We should all be thrilled that yet another effort could be made to find the burial site of the more than a hundred members of the Maryland companies that died in the Battle of Brooklyn. And, as always, the Old Stone House appreciates the coverage and support we and the battle get from your papers.

As a longtime supporter of the Old Stone House, and as one who has given some study to the events that swirled around the house on Aug. 27, 1776, please note that there is a factual error in the story that I hope can be corrected in the institutional memory of the Brooklyn Heights Press and the Brooklyn Eagle.  

The error is following: It is correct to say, “The British commander decided to put off resuming the attack [on Brooklyn Heights] until the following day.” But it is incorrect to say “The delay gave Washington time to ferry his entire army across the East River to Manhattan in the dead of night.” That suggests that the Marylanders sacrificed their lives so Washington could lead an escape that night. The truth is they attacked to delay the British so the rest of the American soldiers in the field in the Gowanus Valley could escape to the Heights, and many did.

Further, Washington was so impressed with the performance of the Marylanders under Lord Stirling that he was resolved to stay on the Heights and fight. It was only the next day, as they watched the British begin digging trenches and hauling in siege guns, that he began to listen to his advisers who pointed out that there was a large river immediately behind them, and they were, in fact, trapped.

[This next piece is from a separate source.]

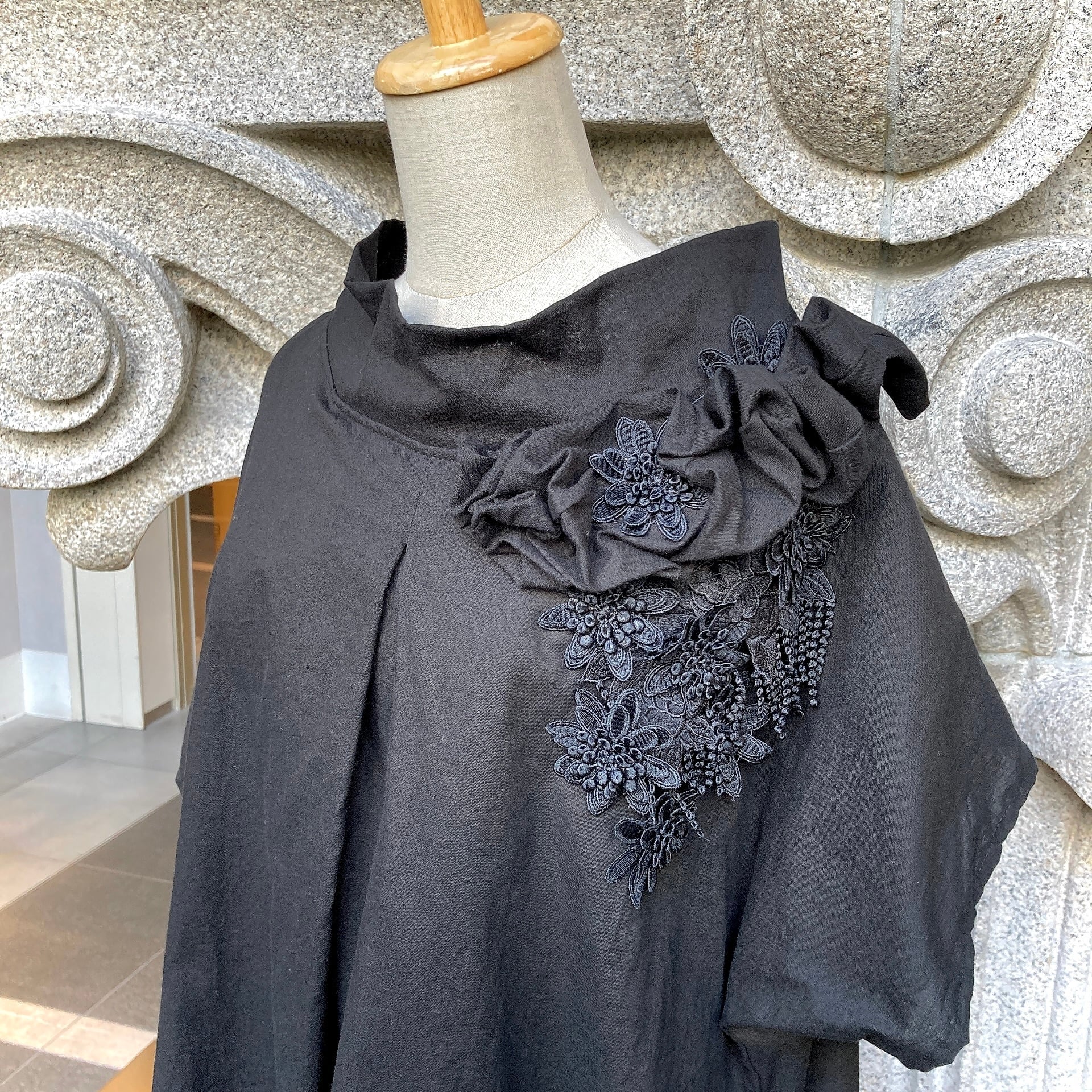 世界で1枚だけのブラウスが作りたくて型紙を持たず、全て1点もので製作しています。

It was then that the call went out to boatmen all over New York Harbor, and one of the great retreats in the history of war began to be organized.

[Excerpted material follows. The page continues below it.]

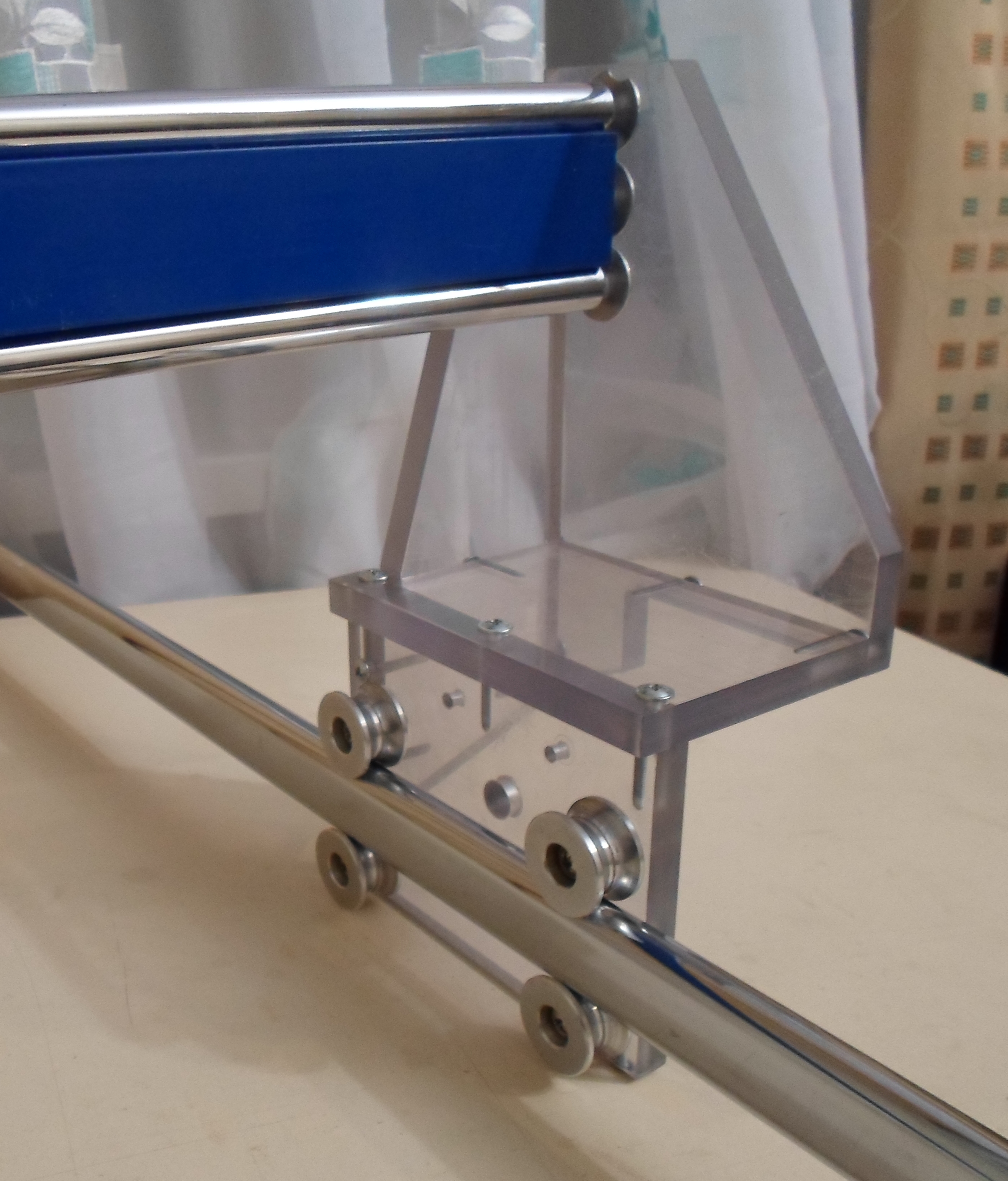 Синяя палка это кусок Ал.профиля для торгового оборудования, конструктив - поликарбонат толщиной 12 мм, ролики - Д16 (два подшипника 5х13х5 ), посажены на межсекционные стяжки. Шпильку ( в профиле ) планировал использовать в качестве рейки :idiot: , но она будет убираться - один приятель подогнал мне на халяву три ремня с шестерёнками ( ширина 10, шаг не мерил, мелкий )

Obviously the delay helped the Americans. But success in an attack on Brooklyn Heights was not guaranteed. The commander (Gen. Howe) had sent his army up Bunker Hill and had lost 40 percent of his men. The Heights were well fortified. And the retreat was still possible.

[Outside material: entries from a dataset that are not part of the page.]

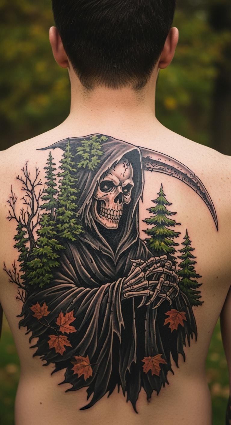 Nature-Infused Grim Reaper on the Back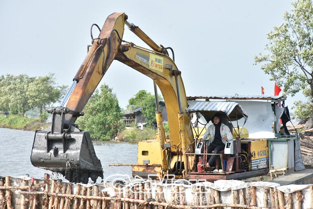 Đơn vị thi công tiến hành đắp taluy để bơm cát phục vụ công trình.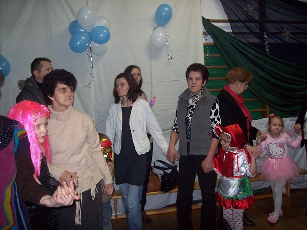 Później rozpoczęła się zabawa. Większość uczniów pomyślała o przebraniu. Na sali było bardzo kolorowo: barwne stroje, peruki, makijaże, dodatki: skrzydełka, różdżki, kaski, hełmy. Pląsały: wróżki, postacie z bajek, wojownicy. Dziadkowie bawili się z wnuczętami, królowała muzyka z różnych epok. Węże, wspólne zabawy, w kółkach, w parach integrowały najmłodszych i najstarszych. Dominowała wesoła atmosfera. Tradycyjnie nastąpiło również przekazanie korony przez ubiegłorocznego króla i królową zwycięzcom tegorocznego balu. Wygrała przebrana za wróżkę Zuzia Parzęcka z oddziału przedszkolnego i uczeń kl. III Kacper Stępień przebrany za Elvisa Presleya.Babcie i dziadkowie mieli również okazję ze sobą porozmawiać w czasie słodkiego poczęstunku.

Conflating these two stories diminishes both.

With best regards,

Joseph M. McCarthy

Joseph McCarthy is a Cobble Hill resident who was amazed to learn, back in 1997, that the largest battle of the American Revolution had been fought within a mile of his home. A filmmaker by profession, he produced “The Brave Man” in 2001, a film focused on Gen. William Alexander, Lord Stirling — commander of the Maryland companies — and the fight at the Old Stone House. He has served on the board of the Old Stone House for many years, and for two years as interim executive director.